Diagnostic utility of dual-color break-apart chromogenic in situ hybridization for the detection of rearranged SS18 in formalin-fixed, paraffin-embedded synovial sarcoma

Abstract

Pathological diagnosis of synovial sarcoma is often problematic due to its broad spectrum of histology. Because synovial sarcoma consistently carries a specific chromosomal translocation, t(X;18), and its derivative chimeric gene, either SS18-SSX1 or SS18-SSX2, detecting these abnormalities by reverse transcription polymerase chain reaction or fluorescence in situ hybridization has been recognized as a powerful aid for diagnosis. Recently, chromogenic in situ hybridization, which enables simultaneous visualization of both genomic abnormality and the morphology of tumor cells, has gained attention. This study investigated the diagnostic utility of dual-color break-apart chromogenic in situ hybridization as a novel method for detecting SS18 rearrangement in synovial sarcoma. Formalin-fixed, paraffin-embedded tissue samples from 16 cases of synovial sarcoma and 10 cases of 5 other types of soft tissue sarcoma were collected.

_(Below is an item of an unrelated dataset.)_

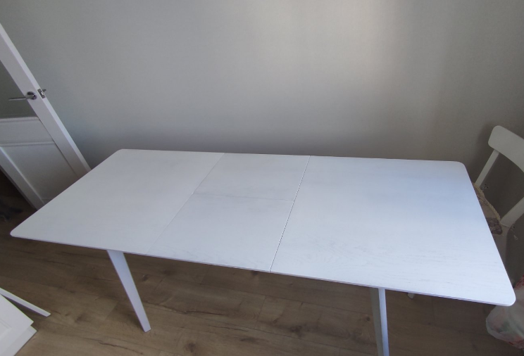 Раздвижной обеденный стол в белой эмали

Dual-color break-apart probes were designed against the genomic region adjacent to SS18. Fluorescence and chromogenic in situ hybridization studies were performed using the same sections. In both assays, the number of signals was counted for sixty nuclei per sample. Scoring ratios (unpaired signals/paired signals) were calculated. Subsequently, SS18-SSX1 and SS18-SSX2 were examined by reverse transcription polymerase chain reaction. The results of chromogenic in situ hybridization, fluorescence in situ hybridization, and reverse transcription polymerase chain reaction were correlated. Unpaired signals were clearly observed in all the synovial sarcoma samples, which mostly indicated rearranged SS18. Synovial sarcoma and non-synovial sarcoma samples were clearly distinguished from each other by the scoring ratios. Reverse transcription polymerase chain reaction demonstrated SS18 chimeric gene transcripts in all the synovial sarcoma cases, while no fusion genes were detected in the non-synovial sarcoma cases. Taken together, unpaired signals in synovial sarcoma reflected rearranged SS18. The present chromogenic in situ hybridization-based SS18 rearrangement detection system provides a highly sensitive and specific method for the diagnosis of synovial sarcoma. Chromogenic in situ hybridization-based methods have great potential for routine use in the diagnosis of synovial sarcoma.